→ **Required work**
Please print the entries exactly, omitting each image.
** Material provided follows **
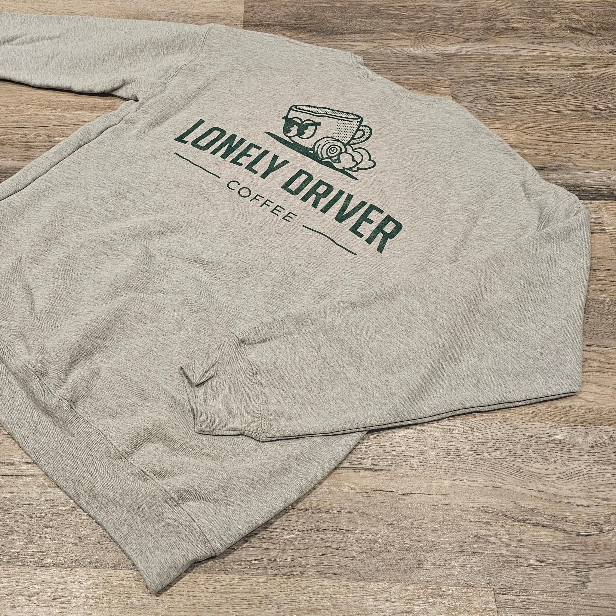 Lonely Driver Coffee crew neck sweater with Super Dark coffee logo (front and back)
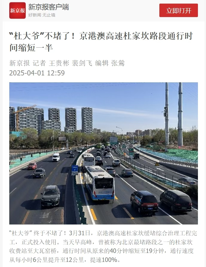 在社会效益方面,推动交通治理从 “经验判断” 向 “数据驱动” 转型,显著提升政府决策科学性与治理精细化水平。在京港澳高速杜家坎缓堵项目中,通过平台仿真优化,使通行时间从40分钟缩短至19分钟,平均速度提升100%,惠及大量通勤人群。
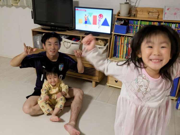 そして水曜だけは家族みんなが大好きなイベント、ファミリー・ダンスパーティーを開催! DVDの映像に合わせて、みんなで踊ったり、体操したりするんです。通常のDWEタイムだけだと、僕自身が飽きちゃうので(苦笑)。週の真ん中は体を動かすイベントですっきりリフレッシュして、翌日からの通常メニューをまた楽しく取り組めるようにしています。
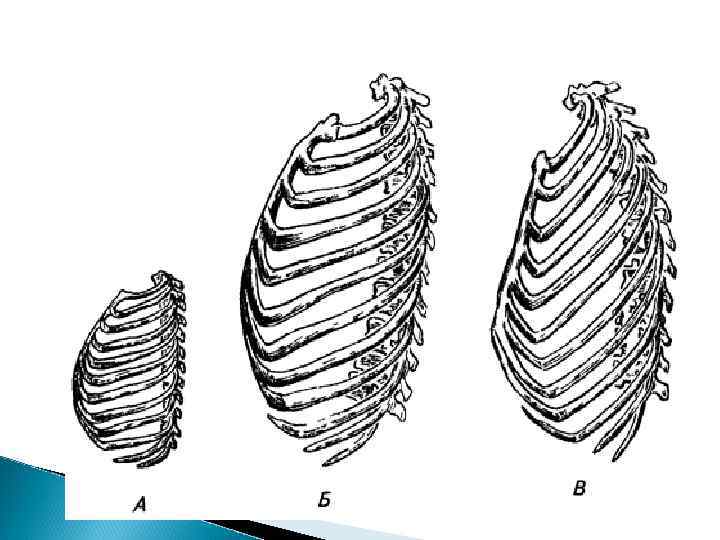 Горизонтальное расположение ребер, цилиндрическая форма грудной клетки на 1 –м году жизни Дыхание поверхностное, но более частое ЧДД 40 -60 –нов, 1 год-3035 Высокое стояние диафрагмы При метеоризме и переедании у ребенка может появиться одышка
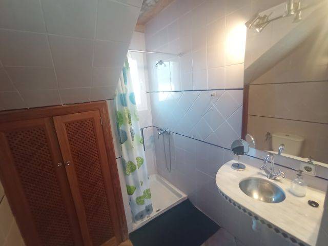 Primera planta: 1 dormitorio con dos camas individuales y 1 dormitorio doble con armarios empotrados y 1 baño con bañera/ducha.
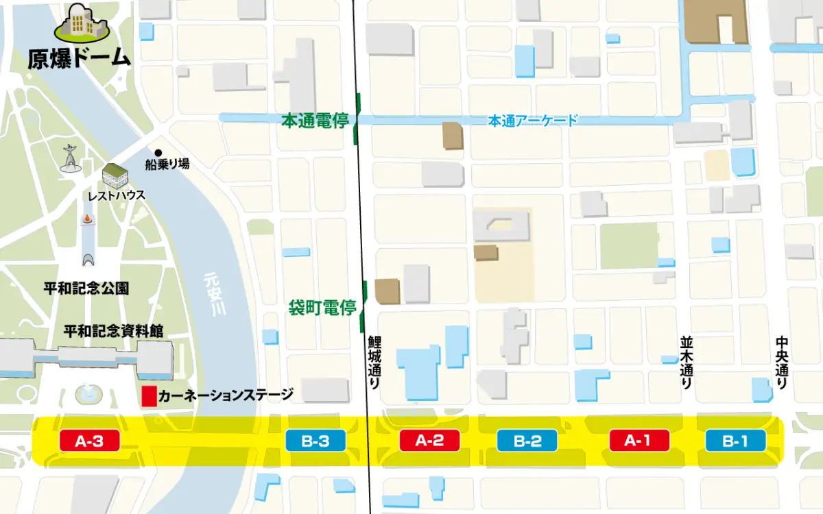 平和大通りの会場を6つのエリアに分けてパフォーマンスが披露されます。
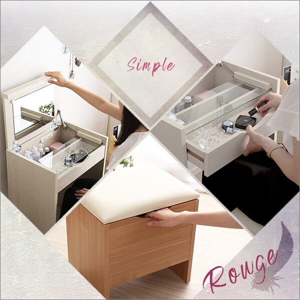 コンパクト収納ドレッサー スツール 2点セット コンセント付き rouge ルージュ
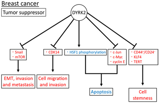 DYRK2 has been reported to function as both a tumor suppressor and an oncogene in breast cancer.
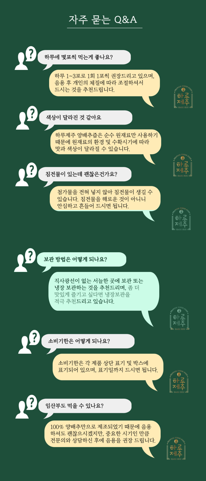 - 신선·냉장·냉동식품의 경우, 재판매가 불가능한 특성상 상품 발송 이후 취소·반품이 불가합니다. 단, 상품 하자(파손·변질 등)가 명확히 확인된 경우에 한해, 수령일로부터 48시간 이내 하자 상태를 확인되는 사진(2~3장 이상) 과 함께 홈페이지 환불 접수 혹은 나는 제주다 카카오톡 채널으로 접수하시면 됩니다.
** End of Material provided **
→ **Written answer**
 Lonely Driver Coffee crew neck sweater with Super Dark coffee logo (front and back)
 在社会效益方面,推动交通治理从 “经验判断” 向 “数据驱动” 转型,显著提升政府决策科学性与治理精细化水平。在京港澳高速杜家坎缓堵项目中,通过平台仿真优化,使通行时间从40分钟缩短至19分钟,平均速度提升100%,惠及大量通勤人群。
 そして水曜だけは家族みんなが大好きなイベント、ファミリー・ダンスパーティーを開催! DVDの映像に合わせて、みんなで踊ったり、体操したりするんです。通常のDWEタイムだけだと、僕自身が飽きちゃうので(苦笑)。週の真ん中は体を動かすイベントですっきりリフレッシュして、翌日からの通常メニューをまた楽しく取り組めるようにしています。
 Горизонтальное расположение ребер, цилиндрическая форма грудной клетки на 1 –м году жизни Дыхание поверхностное, но более частое ЧДД 40 -60 –нов, 1 год-3035 Высокое стояние диафрагмы При метеоризме и переедании у ребенка может появиться одышка
 Primera planta: 1 dormitorio con dos camas individuales y 1 dormitorio doble con armarios empotrados y 1 baño con bañera/ducha.
 平和大通りの会場を6つのエリアに分けてパフォーマンスが披露されます。
 コンパクト収納ドレッサー スツール 2点セット コンセント付き rouge ルージュ
 DYRK2 has been reported to function as both a tumor suppressor and an oncogene in breast cancer.
 - 신선·냉장·냉동식품의 경우, 재판매가 불가능한 특성상 상품 발송 이후 취소·반품이 불가합니다. 단, 상품 하자(파손·변질 등)가 명확히 확인된 경우에 한해, 수령일로부터 48시간 이내 하자 상태를 확인되는 사진(2~3장 이상) 과 함께 홈페이지 환불 접수 혹은 나는 제주다 카카오톡 채널으로 접수하시면 됩니다.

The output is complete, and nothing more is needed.